O ministro Moreira Franco destacou que, pelo tamanho do país, o principal modal, cada vez mais, será a aviação. Para ele, os concessionários estrangeiros “vão provocar uma verdadeira revolução nas operações aeroportuárias domésticas, com benefícios para os brasileiros”.

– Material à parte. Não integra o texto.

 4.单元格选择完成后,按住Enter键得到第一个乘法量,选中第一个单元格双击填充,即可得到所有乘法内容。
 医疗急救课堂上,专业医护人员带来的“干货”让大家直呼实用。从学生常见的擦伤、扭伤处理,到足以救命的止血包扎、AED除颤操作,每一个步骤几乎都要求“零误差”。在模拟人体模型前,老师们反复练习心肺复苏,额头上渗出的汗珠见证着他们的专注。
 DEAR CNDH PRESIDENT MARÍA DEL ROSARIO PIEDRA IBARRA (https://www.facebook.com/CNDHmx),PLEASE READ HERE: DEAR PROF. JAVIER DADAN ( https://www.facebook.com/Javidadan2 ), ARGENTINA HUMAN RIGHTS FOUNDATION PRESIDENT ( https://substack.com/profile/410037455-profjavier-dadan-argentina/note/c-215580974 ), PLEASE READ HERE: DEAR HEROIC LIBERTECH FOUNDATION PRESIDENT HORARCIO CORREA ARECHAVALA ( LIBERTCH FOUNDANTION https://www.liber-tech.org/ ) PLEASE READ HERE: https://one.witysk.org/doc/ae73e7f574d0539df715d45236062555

O ministro Quintella afirmou que o evento celebra um marco importante na aviação e no programa de concessões do governo. “Entre 2011 e 2014, seis concessões aeroportuárias foram realizadas. No entanto, o modelo que foi adotado lá atrás não se mostrou viável. A modelagem, os estudos foram feitos com base na perspectiva de crescimento da economia, que não se confirmou. Isso afetou as concessões, que estavam embasadas em financiamentos que não foram realizados”, reconheceu. “A primeira evidência que tivemos quando assumimos foi de que a modelagem precisava ser modificada”, disse.

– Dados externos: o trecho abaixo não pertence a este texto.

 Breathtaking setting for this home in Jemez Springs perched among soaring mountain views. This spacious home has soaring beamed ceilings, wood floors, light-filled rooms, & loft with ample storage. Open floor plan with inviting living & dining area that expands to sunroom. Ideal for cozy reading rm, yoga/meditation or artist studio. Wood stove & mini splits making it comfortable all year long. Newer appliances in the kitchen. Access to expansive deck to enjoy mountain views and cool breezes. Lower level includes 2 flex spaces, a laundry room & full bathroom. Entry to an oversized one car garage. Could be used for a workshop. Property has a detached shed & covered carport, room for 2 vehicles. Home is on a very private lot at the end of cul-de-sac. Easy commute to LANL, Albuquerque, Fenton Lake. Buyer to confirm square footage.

Quitella ressaltou que as quatro novas concessões foram feitas com um modelo sustentável. “Os quatro terminais são responsáveis por 12% do mercado doméstico. Nosso setor aéreo sofreu bastante com a crise. Se houve crescimento de 48 milhões para 115 milhões de passageiros em 2015, em 2016, tivemos queda, para menos de 110 milhões”, lembrou. Das 715 aeronaves que voavam no país, 65 delas deixaram de voar, ressaltou.

Porém, Quintella assinalou que o setor aeroportuário, depois de 19 meses consecutivos de queda, teve crescimento a partir de março, com crescimento de 0,5% no acumulado do ano em quatro meses em relação a 2016. “Estamos estudando novos blocos de concessões e precisamos modernizar o marco regulatório. E também aguardamos as medidas que estão tramitando no Congresso e são importantes para o setor”, afirmou, referindo-se à abertura das companhias aérea para capital estrangeiro e o teto do Imposto sobre Circulação de Mercadorias e Serviços (ICMS), que incide nos combustíveis de aviação.
 
Para a especialista em concessões Letícia Queiroz de Andrade, sócia do escritório Queiroz Maluf, não há dúvidas de que o novo modelo é muito melhor do que o anterior. “As outras seis concessões tiveram que aportar um valor muito alto e fazer obras em prazo exíguo por conta da pressa para a Copa do Mundo. Além disso, os valores de outorga foram superestimados e houve queda na demanda com a crise. No caso dessas quatro, as outorgas são escalonadas com os investimentos, e consideram a sustentabilidade do fluxo de caixa das empresas”, avaliou.
 
No entender do especialista em infraestrutura Cláudio Frischtak, presidente da consultoria InterB, o modelo novo não obriga a participação de 49% da Infraero e é voltado para operadores aeroportuários, a não para empreiteiras como a etapa anterior. “Há uma lógica de foco na qualidade dos serviços”, disse.
 
O governador do Rio Grande do Sul, Ivo Sartori, afirmou que as obras no terminal de Porto Alegre vão dinamizar a economia do Estado, com graves problemas fiscais. “É investimento novo e volumoso, perto de R$ 2 bilhões”, afirmou.
 
O governador de Santa Catarina, Raimundo Colombo, ressaltou que o Estado sofre com as condições atuais do aeroporto da capital, Florianópolis. “O número de passageiros é muito maior do que a capacidade. A empresa suíça tem tecnologia mundial reconhecida. O governo está fazendo o acesso e vamos entregar as obras antes do prazo do aeroporto, de 26 meses”, disse. “O que era um obstáculo, agora virou uma oportunidade de investimento”, acrescentou.
 
Para o vice-prefeito de Florianópolis, João Batista Nunes, a obra é o marco zero para a capital catarinense. “Vai abrir as portas de Florianópolis para o mundo ao desobrigar a conexão em aeroportos do centro do país”, disse.